▸ Problem requirements: Exact reproduction of all the data is required, with pictures excluded.

▸ Data shown:
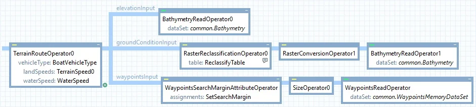 The second way is to build the operator chain in code. This allows for building operator chains dynamically, where conditions at runtime affect how the operator chain is composed. While this solution can provide more flexibility, it also requires more of the developer to foresee and handle different situations. Therefore, building your operator chain in a map configuration file using Carmenta Studio is the suggested approach if your use case allows for it.
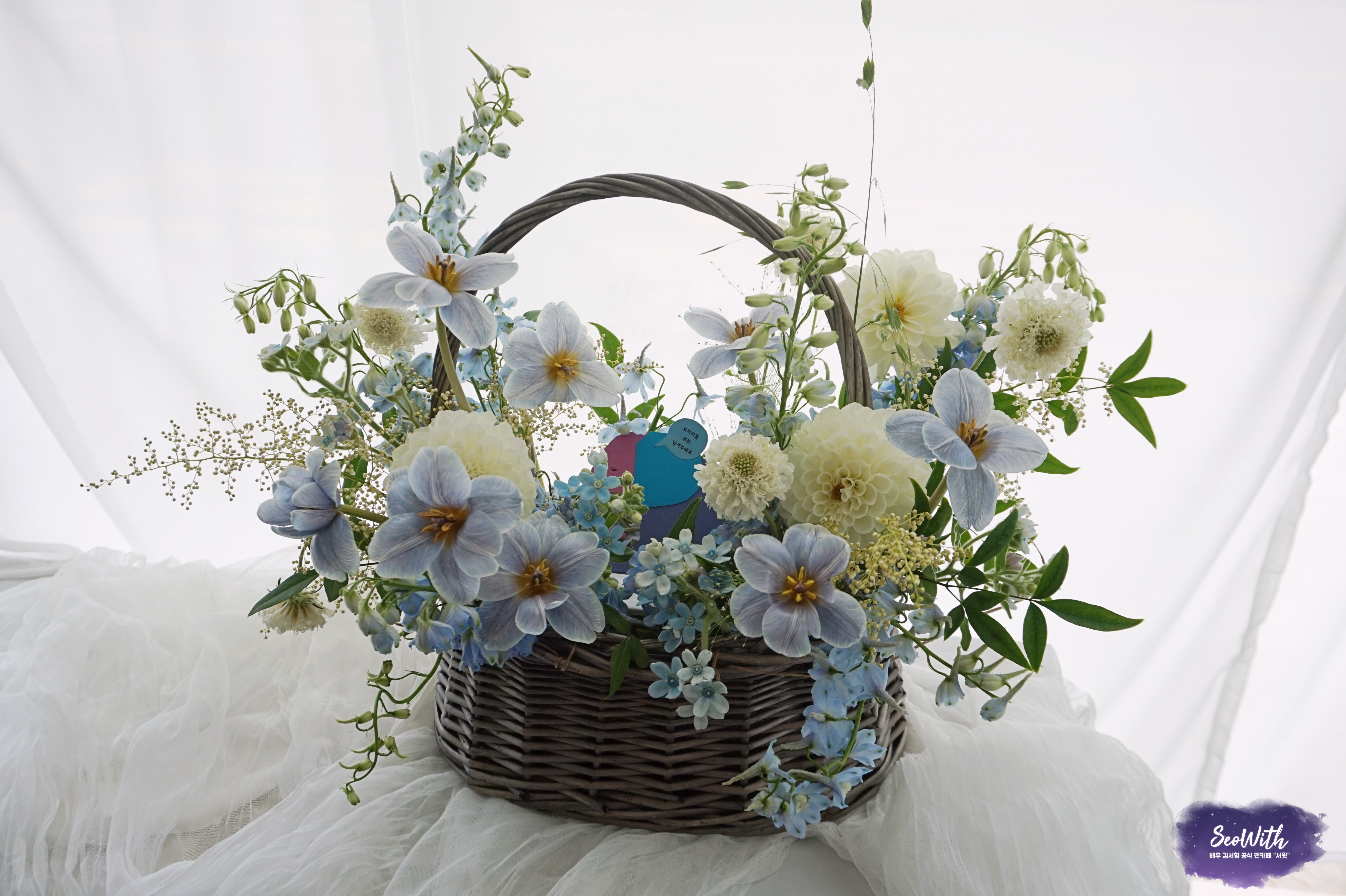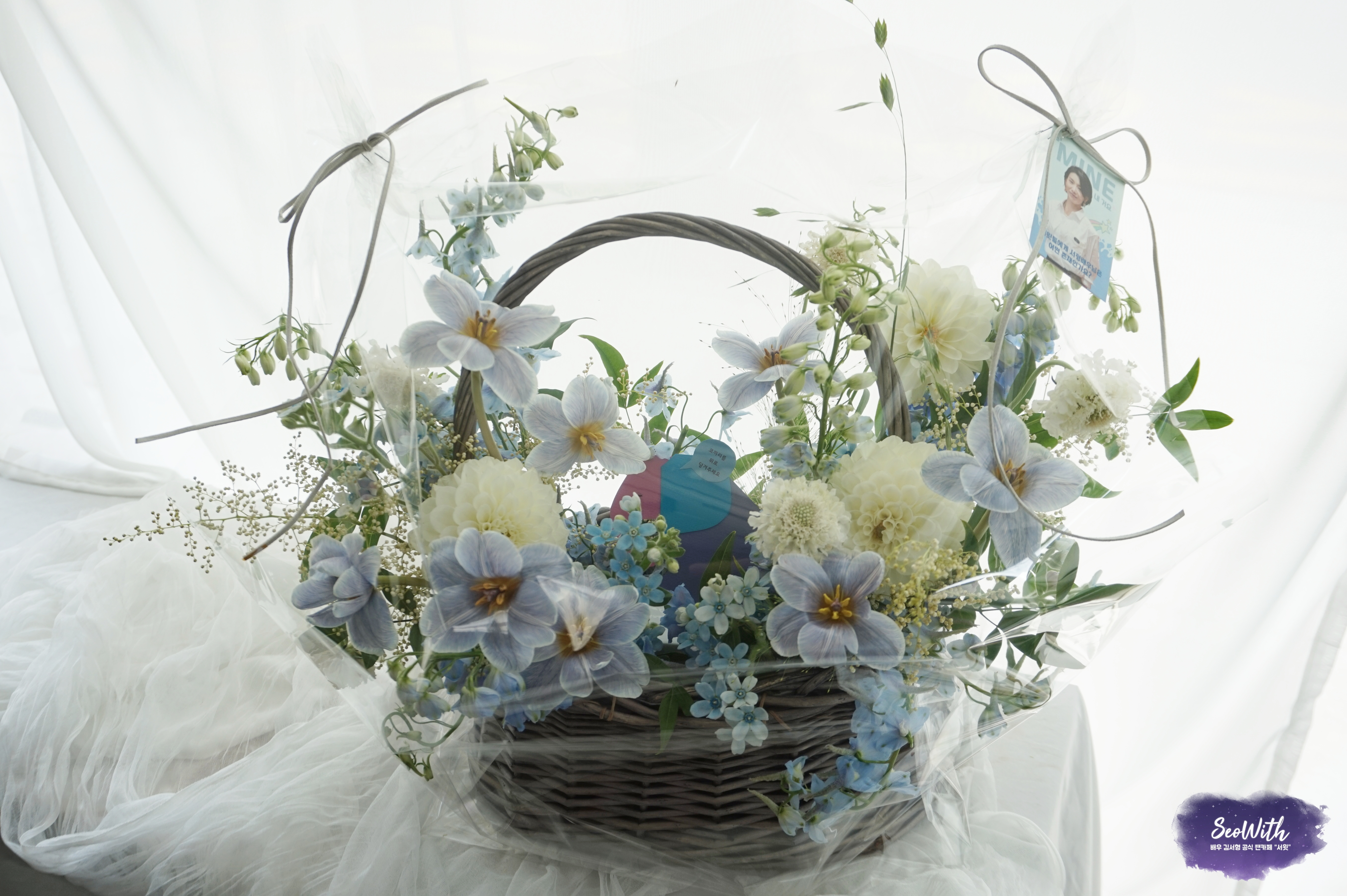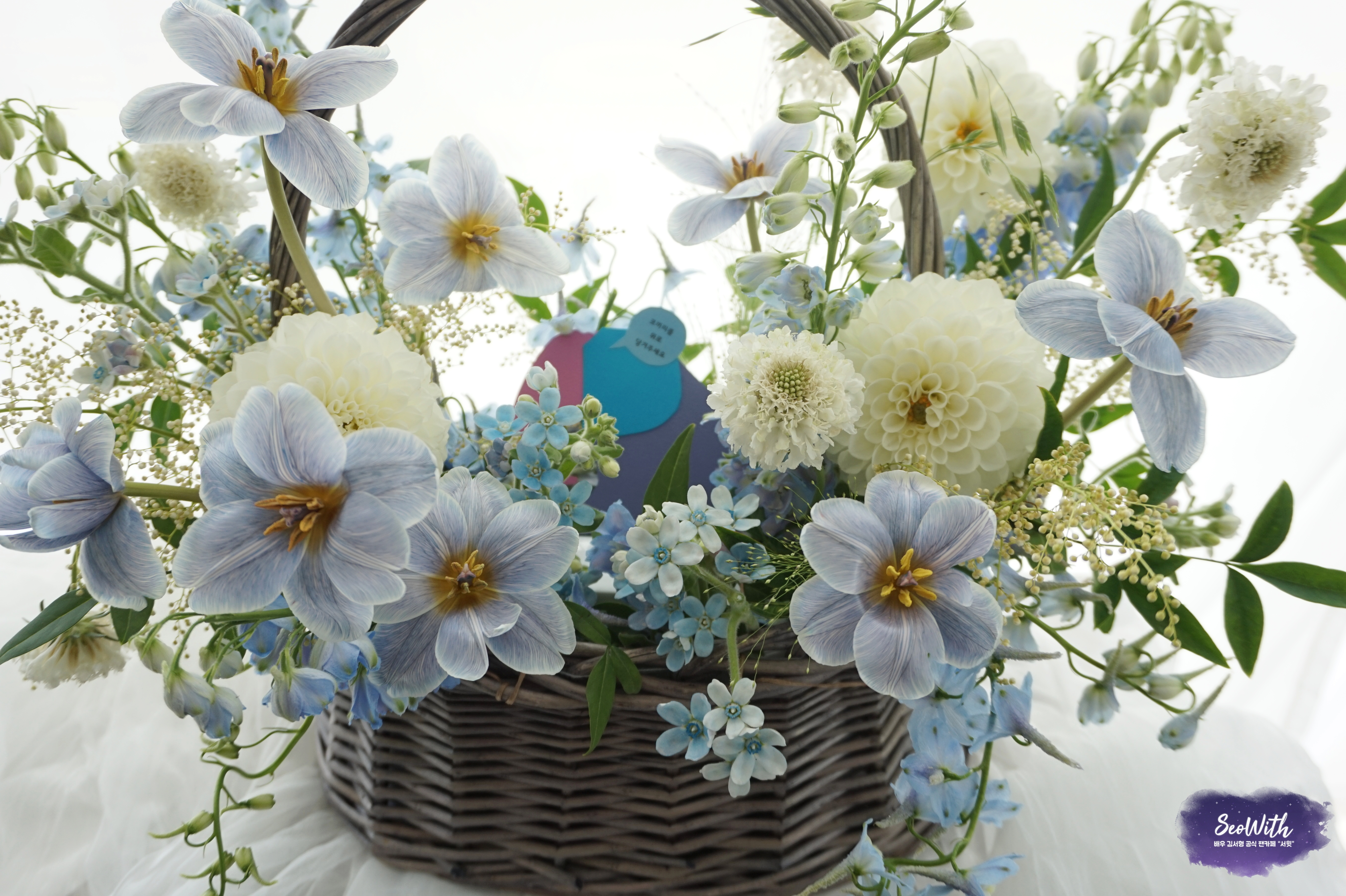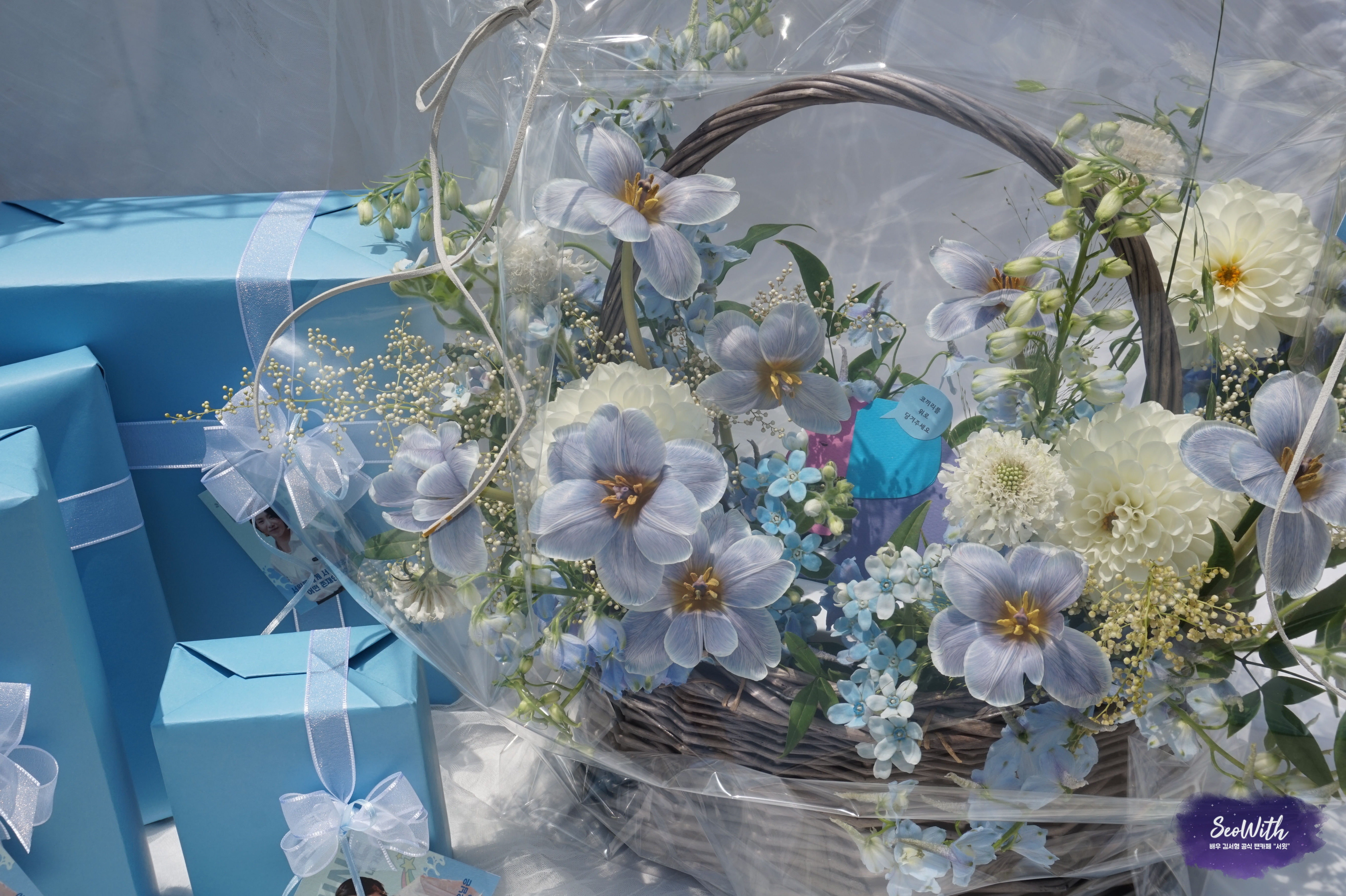 블루다이아몬드 컨셉 컬러로 제작된 꽃바구니에 맞춰
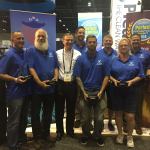 3. The Pool PRIZE Party The Expo culminated with the Pool Prize Party, where various prizes were raffled off to lucky attendees by aquarium impresarios Wayde King and Brett Raymer (pictured in black) of Animal Planet's hit reality show "Tanked." The winner of an all-expenses paid trip to next year's Las Vegas show was Jeremy Thomas (center) of Jeff’s Pool & Spa Service.
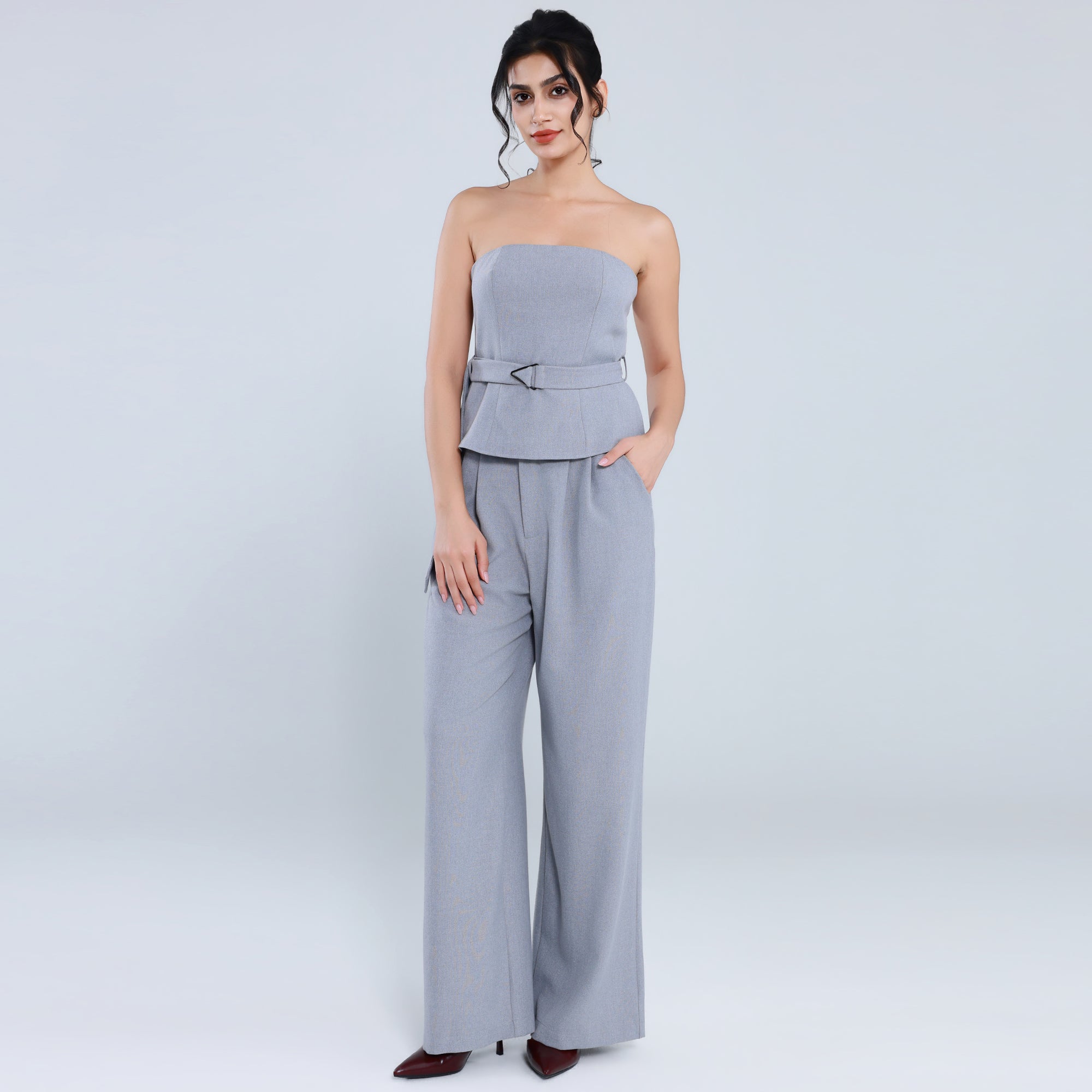 تفاصيل المنتج الجزء السفلي: قصة واسعة الخصر: خصر متوسط الطول من الأعلى للأسفل: 100% النمط: ساده الخامة قماش بخيوط مصبوغة يضمن ألوانًا ثابتة ومظهرًا أنيقًا تويل متين وناعم لمظهر أنيق...

▸ Reply:
 The second way is to build the operator chain in code. This allows for building operator chains dynamically, where conditions at runtime affect how the operator chain is composed. While this solution can provide more flexibility, it also requires more of the developer to foresee and handle different situations. Therefore, building your operator chain in a map configuration file using Carmenta Studio is the suggested approach if your use case allows for it.
 블루다이아몬드 컨셉 컬러로 제작된 꽃바구니에 맞춰
 3. The Pool PRIZE Party The Expo culminated with the Pool Prize Party, where various prizes were raffled off to lucky attendees by aquarium impresarios Wayde King and Brett Raymer (pictured in black) of Animal Planet's hit reality show "Tanked." The winner of an all-expenses paid trip to next year's Las Vegas show was Jeremy Thomas (center) of Jeff’s Pool & Spa Service.
 تفاصيل المنتج الجزء السفلي: قصة واسعة الخصر: خصر متوسط الطول من الأعلى للأسفل: 100% النمط: ساده الخامة قماش بخيوط مصبوغة يضمن ألوانًا ثابتة ومظهرًا أنيقًا تويل متين وناعم لمظهر أنيق...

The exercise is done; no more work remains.